Esta categoria de fungos não é visível a olho nu, sendo visualizados apenas com auxílio de um microscópio. São bem maiores do que a maioria das bactérias existentes e foram visualizadas pela primeira vez em 1680, por Antony van Leewenhoeck.

Apresentam grande importância sob vários aspectos:

Industrialmente, apresentam os seguintes pontos de interesse;

São agentes de fermentação alcoólica, na produção do álcool industrial e de todas as bebidas alcoólicas destiladas ou não destiladas;

São utilizadas na panificação

São, pelo menos potencialmente, importantes fontes de proteína e de fatores de crescimento, passíveis de serem utilizada na alimentação animal e, mesmo, humana.

Como agentes de fermentação são prejudiciais à conservação de frutos, e de sucos vegetais. Algumas espécies são patogênicas a plantas, animais e ao homem.

Saccharomyces Cerevisiae A levedura de cana

FORMAS

CÉLULAS DAS LEVEDURAS

As células vegetativas da maioria das leveduras industriais variam em tamanho, de 4 a 8 micras de largura por 7 a 12 de comprimento, havendo, evidentemente, espécies maiores e espécies menores que as citadas. Forma e tamanho das células, mesmo em espécies monomorfas, podem variar de acordo com o nutriente, as condições ambientais, o estado fisiológico ou a idade.

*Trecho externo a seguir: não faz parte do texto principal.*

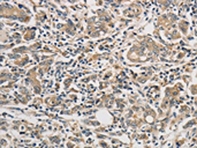 The image on the left is immunohistochemistry of paraffin-embedded Human gastric cancer tissue using CSB-PA223710(PTPN11 Antibody) at dilution 1/25, on the right is treated with fusion protein. (Original magnification: ×200)

Estrutura: As leveduras apresentam membrana celular bem definida, pouco espessa, em células jovens; rígidas em células adultas, de constituição variável, com predominância de hidratos de carbono, e menor quantidade de proteínas e graxas. Internamente delimitando o citoplasma, existe a membrana citoplasmática, mais evidente em células adultas, por plasmolise. No geral, as leveduras se apresentam sem cápsula, se bem que algumas espécies de Torulopsis se apresentem com cápsula, constituída de hidratos de carbono.

Citoplasma - de células adultas apresenta inúmeros vacúolos e granulações variadas. Entre estas, são encontradas:

A) - Grânulos metacromáticos, constituídos de polimetafosfato inorgânicos, e de função em parte conhecida.

B) - Glicogênio, hidratos de carbono encontrado em células adultas.

C) - Grânulos lipóides, em quantidade variável com a espécie de levedura, a idade da célula e o substrato.

D) - Mitocôndrios - se apresentam com aspecto filamentoso, constituídos de lipoproteínas com pequena quantidade de ácido ribonucleico, e contendo enzimas respiratórias

O núcleo é bem definido, pelo menos em células em vias de reprodução; pequeno, esférico ou reniforme, de localização variável, associado a vacúolo nuclear.

REPRODUÇÃO

A reprodução das leveduras pode ocorrer de duas formas:

Gemação de novas células : Este tipo de reprodução das leveduras ocorre nos mostos em fermentação. Neste processo ocorre a formação de pequenas protuberâncias na superfície da célula que, depois de se desenvolverem, se desprendem, passando a ter vida própria.  Esporulação de novas células : Este tipo de reprodução consiste na formação de esporos no interior das células, que se tornam livres pela ruptura das células.